Kathryn Locke With Chodompa Music, LA. Album Review.

Liverpool Sound and Vision Rating 8.5/10

Too often we are stifled by other people’s narrow parameters of what it means to learn, and whilst we may be proficient, competent, taught how to feel practised and trained, we are by no means creative, engaged or inspired to be original. Anyone, given time can learn the scales of Time, but it takes imagination and inventiveness to be an artist.

A teacher will write off a pupil for not sticking to the plan, but not realise that the gift of experimenting is what brings the tune together, by dismissing the outreach of the lesson the pupil instead becomes their own master, they are the ones who control the narrative.

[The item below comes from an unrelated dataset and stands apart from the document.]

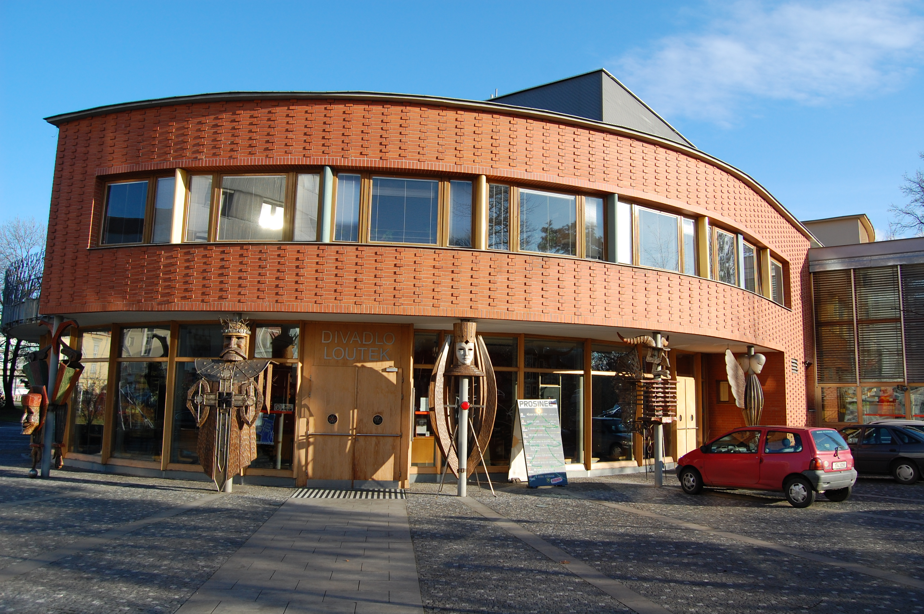 Puppet Theatre of Ostrava, Czech republic.

There is something alluring about such musicians, it is almost as if they have the ability to hypnotise the listener within the realm of beautiful anarchy, the self-taught inspiring the self-determining, and for Kathryn Locke, along with her band Chodompa Music, Sarah Allen on flute, Jo Freya on sax and clarinet, Jo May on percussion, and Geoff Coombs on mandola, that resonance of performance is framed with honour in the atmospheric, engrossing dynamism album, LA.

The voice that is silent can still speak, and despite Kathryn Locke having to deal with the long after effects of an illness that left her unable to verbally communicate for several years, through the music she has created, she never lost the ability to engage, to impart the thoughts on her mind.

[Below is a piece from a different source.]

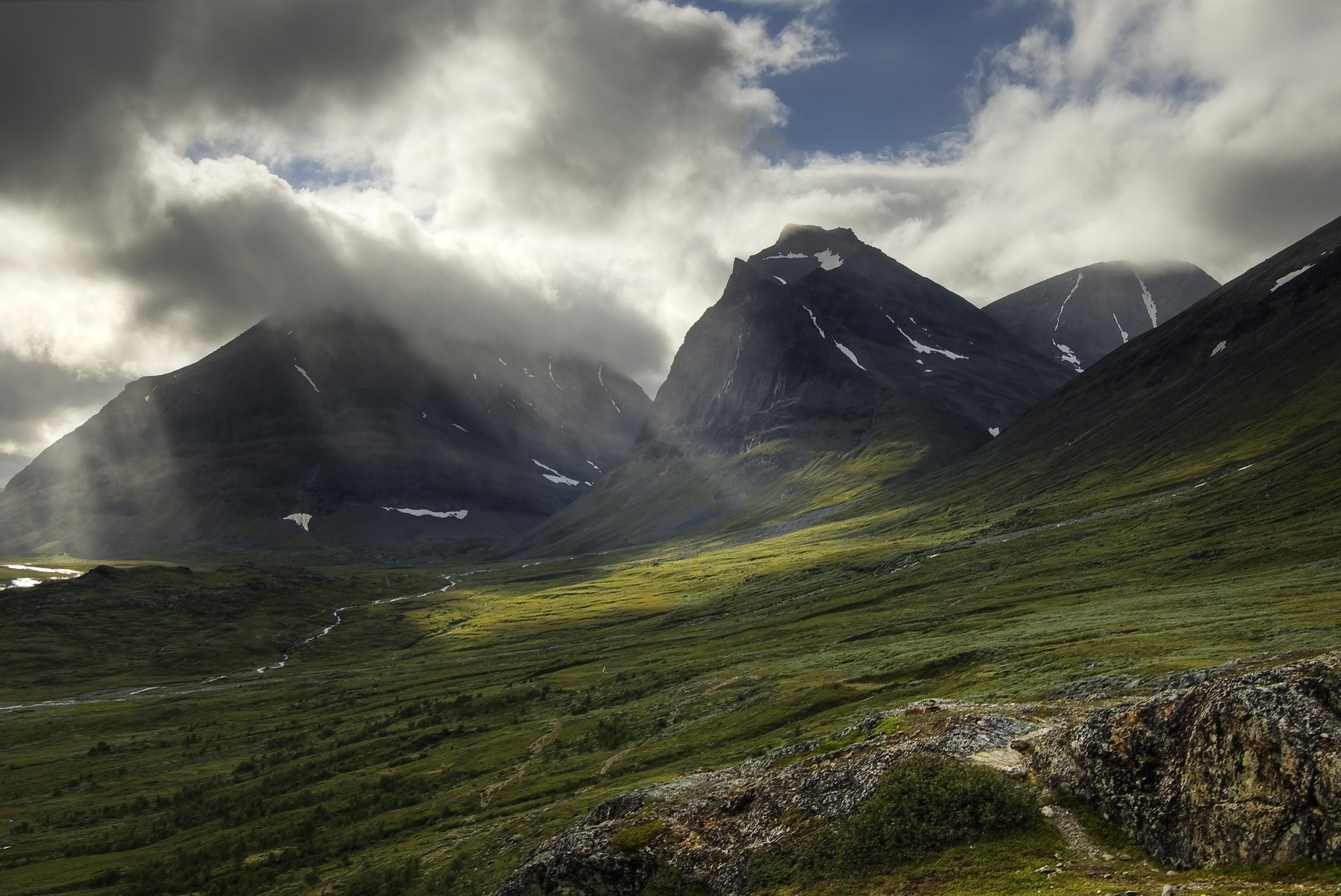 Mount Duolbagorni in the Kebnekaise valley, Lapland, Sweden.

It is seeing past the trauma, of the day when the words roar as much as much as the heart, that has made this new creation stand out with uniqueness and convey the message that others who perhaps play by numbers would have missed, and as tracks such as the opener Dancing In The Ancient Dirt, Dervish, Firebear, A Knowing Touch, Hugger Mugger and the scintillating and honest appraisal of When The Heart Roars with HH the 17TH Karmapa all speak their truth, all raise the voice of Ms. Locke.

The freedom of expression is paramount, to stifle it, to question it, to silence it in anyway is a crime against the persuasive endeavour of human existence, and we must always be on hand to urge the music, the art, the voice to be heard. Throughout LA, Kathryn Locke with Chodompa Music, the knowledge we seek is heard, and marvelled at, and one that cannot be dismissed.